A faster instruction selector?[MESSAGE NOT SCANNED]

Hi Nicolas and Dan,

Thanks for your replies.
I've been playing around with various setting, as you suggested.

> What version of LLVM are you using here?
I'm using 2.4

My original time ratios of reg-alloc to instruction selection (1:12) referred to the local register allocator and the standard instruction selector (all passes), not a sensible comparison, I realise.

> I did some benchmarks in vmkit (the project that encompass ladyvm) and
> compilation time is roughly 50% faster with both fast and local register
> allocator.

Choosing the fast selector does speed code-generation by almost double,
when using llc, but the reduction in final code speed is obviously a downside.
Since my toolkit generates an interpreter, I am able to just compile hotspots, so final speed of compiled code is quite important.

I did some runs of llc and lcc with valgrind, to get some less noisy timings and the relative times are:
lcc (lex, parse, etc ) 4
llc (normal settings) 18
llc (fast and local reg alloc) 11

Obviously the ratios will change depending on the input, but as you can see, there is still enormous potential for improvement.

> Do you have time to do more detailed profiling? It might be interesting
> to see which parts of codegen are hot in your use cases.

Unfortunately I could get any meaningful information from valgrind as to where llc is spending its time (Unknown code: 45%), but I suspect the relative slowness is caused by the number of intermediate data structures required and the time spent in creating them.

I notice in the docs http://llvm.org/docs/CodeGenerator.html#selectiondag_future that
"auto-generate entire selector from .td file" is a possible future
development. I guess that's what I hoping for :slight_smile:

I realise I'm asking a lot and not offering much, but I think a fast JIT compiler would really be an asset to llvm. After all, more and more software is being run on VMs rather than direct on the hardware.

Finally, it must be possible to select the register allocator for the JIT using the API, but I am unable to find out how to do this, any ideas?

Cheers,
Mark.

Choosing the fast selector does speed code-generation by almost double,
when using llc, but the reduction in final code speed is obviously a
downside.

[...]

Since my toolkit generates an interpreter, I am able to just compile
hotspots, so final speed of compiled code is quite important.
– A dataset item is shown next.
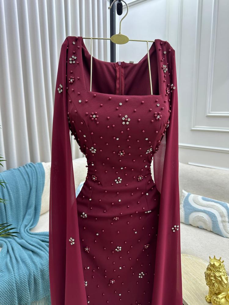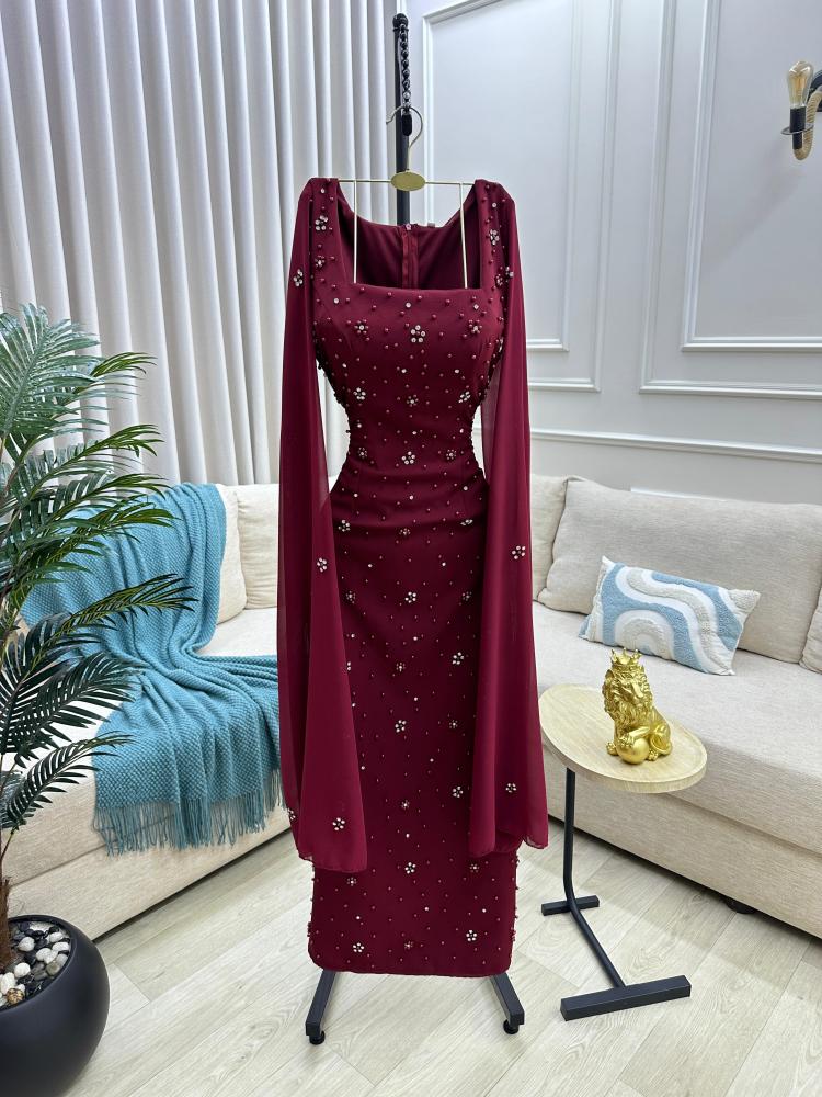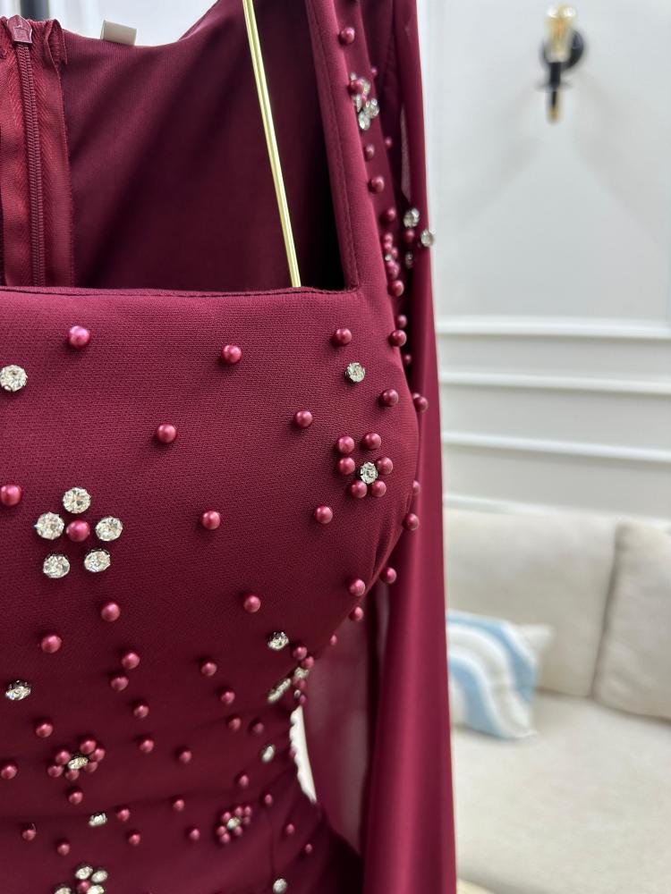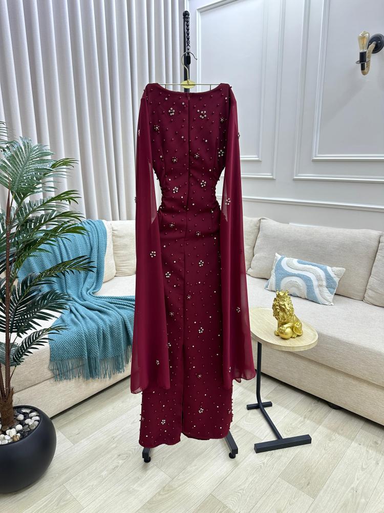 فستان سهره اللون برغندي باربي درجه اولى. تطريز راقي من متجر جوهره TR
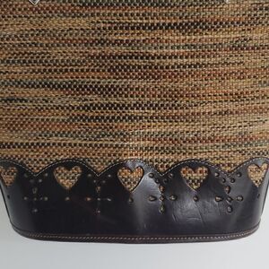 This bag is in good pre-owned condition. The leather on the front has a few scratches. The hearts on the front show some wear. Please see photos.

I recommend doing some measurements here rather than
guessing. I note that you've posted several numbers comparing
compile times with lcc, but no numbers comparing the quality of
the generated code yet :-).

Do you have time to do more detailed profiling? It might be interesting
to see which parts of codegen are hot in your use cases.

Unfortunately I could get any meaningful information from valgrind as to
where llc is spending its time (Unknown code: 45%), but I suspect the
relative slowness is caused by the number of intermediate data
structures required and the time spent in creating them.

On some hosts LLVM defaults to being built with -fomit-frame-pointer,
and this interferes with some performance tools, so that's something
worth checking.

This would also be a good time to sanity check that you're using an
optimized build of LLVM, which can make a tremendous difference.
FWIW, the default mode for LLVM Makefiles is non-optimized.

Finally, it must be possible to select the register allocator for the
JIT using the API, but I am unable to find out how to do this, any ideas?

See RegAllocRegistry.h and RegisterRegAlloc::setDefault.

Dan